■ **WORK REQUEST**:
There is a line below that contains "2、活动分领养,储蓄,收获三". Please reproduce it and all following lines exactly, through the final one.

■ **RECORD SET**:
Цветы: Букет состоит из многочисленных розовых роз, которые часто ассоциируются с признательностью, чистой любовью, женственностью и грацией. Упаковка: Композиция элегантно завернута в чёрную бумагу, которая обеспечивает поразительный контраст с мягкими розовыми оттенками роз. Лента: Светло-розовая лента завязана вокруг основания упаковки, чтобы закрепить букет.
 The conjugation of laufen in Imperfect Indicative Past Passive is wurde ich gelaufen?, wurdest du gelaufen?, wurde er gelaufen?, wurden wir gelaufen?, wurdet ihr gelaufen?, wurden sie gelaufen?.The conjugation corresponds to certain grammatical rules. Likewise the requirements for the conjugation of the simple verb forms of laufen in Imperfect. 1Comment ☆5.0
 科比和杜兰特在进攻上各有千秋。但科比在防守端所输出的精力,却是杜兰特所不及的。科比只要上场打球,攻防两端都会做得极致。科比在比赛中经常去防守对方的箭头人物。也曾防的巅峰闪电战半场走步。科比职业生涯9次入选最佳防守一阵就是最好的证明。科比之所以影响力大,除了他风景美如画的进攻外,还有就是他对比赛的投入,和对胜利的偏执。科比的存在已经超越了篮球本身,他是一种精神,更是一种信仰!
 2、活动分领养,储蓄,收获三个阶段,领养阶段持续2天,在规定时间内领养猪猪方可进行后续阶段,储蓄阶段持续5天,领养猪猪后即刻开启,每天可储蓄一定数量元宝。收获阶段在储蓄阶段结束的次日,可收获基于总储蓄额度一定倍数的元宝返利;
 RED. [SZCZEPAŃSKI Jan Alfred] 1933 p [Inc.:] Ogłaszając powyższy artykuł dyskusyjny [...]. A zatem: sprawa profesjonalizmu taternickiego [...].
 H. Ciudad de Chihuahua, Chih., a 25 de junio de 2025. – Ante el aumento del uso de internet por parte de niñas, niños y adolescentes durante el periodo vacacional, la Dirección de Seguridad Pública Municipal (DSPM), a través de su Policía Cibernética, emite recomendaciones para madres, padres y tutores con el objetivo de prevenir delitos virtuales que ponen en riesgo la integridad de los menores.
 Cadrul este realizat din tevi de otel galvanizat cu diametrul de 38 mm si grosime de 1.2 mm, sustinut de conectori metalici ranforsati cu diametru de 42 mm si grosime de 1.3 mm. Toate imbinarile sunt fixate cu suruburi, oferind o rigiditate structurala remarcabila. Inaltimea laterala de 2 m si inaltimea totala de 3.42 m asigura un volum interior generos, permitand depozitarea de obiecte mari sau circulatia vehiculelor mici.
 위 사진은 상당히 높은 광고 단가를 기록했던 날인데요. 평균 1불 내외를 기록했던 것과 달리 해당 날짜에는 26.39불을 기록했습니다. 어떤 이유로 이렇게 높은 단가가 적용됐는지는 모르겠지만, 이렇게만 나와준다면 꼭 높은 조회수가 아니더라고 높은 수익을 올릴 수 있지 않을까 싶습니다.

■ **ANSWER SECTION**:
 2、活动分领养,储蓄,收获三个阶段,领养阶段持续2天,在规定时间内领养猪猪方可进行后续阶段,储蓄阶段持续5天,领养猪猪后即刻开启,每天可储蓄一定数量元宝。收获阶段在储蓄阶段结束的次日,可收获基于总储蓄额度一定倍数的元宝返利;
 RED. [SZCZEPAŃSKI Jan Alfred] 1933 p [Inc.:] Ogłaszając powyższy artykuł dyskusyjny [...]. A zatem: sprawa profesjonalizmu taternickiego [...].
 H. Ciudad de Chihuahua, Chih., a 25 de junio de 2025. – Ante el aumento del uso de internet por parte de niñas, niños y adolescentes durante el periodo vacacional, la Dirección de Seguridad Pública Municipal (DSPM), a través de su Policía Cibernética, emite recomendaciones para madres, padres y tutores con el objetivo de prevenir delitos virtuales que ponen en riesgo la integridad de los menores.
 Cadrul este realizat din tevi de otel galvanizat cu diametrul de 38 mm si grosime de 1.2 mm, sustinut de conectori metalici ranforsati cu diametru de 42 mm si grosime de 1.3 mm. Toate imbinarile sunt fixate cu suruburi, oferind o rigiditate structurala remarcabila. Inaltimea laterala de 2 m si inaltimea totala de 3.42 m asigura un volum interior generos, permitand depozitarea de obiecte mari sau circulatia vehiculelor mici.
 위 사진은 상당히 높은 광고 단가를 기록했던 날인데요. 평균 1불 내외를 기록했던 것과 달리 해당 날짜에는 26.39불을 기록했습니다. 어떤 이유로 이렇게 높은 단가가 적용됐는지는 모르겠지만, 이렇게만 나와준다면 꼭 높은 조회수가 아니더라고 높은 수익을 올릴 수 있지 않을까 싶습니다.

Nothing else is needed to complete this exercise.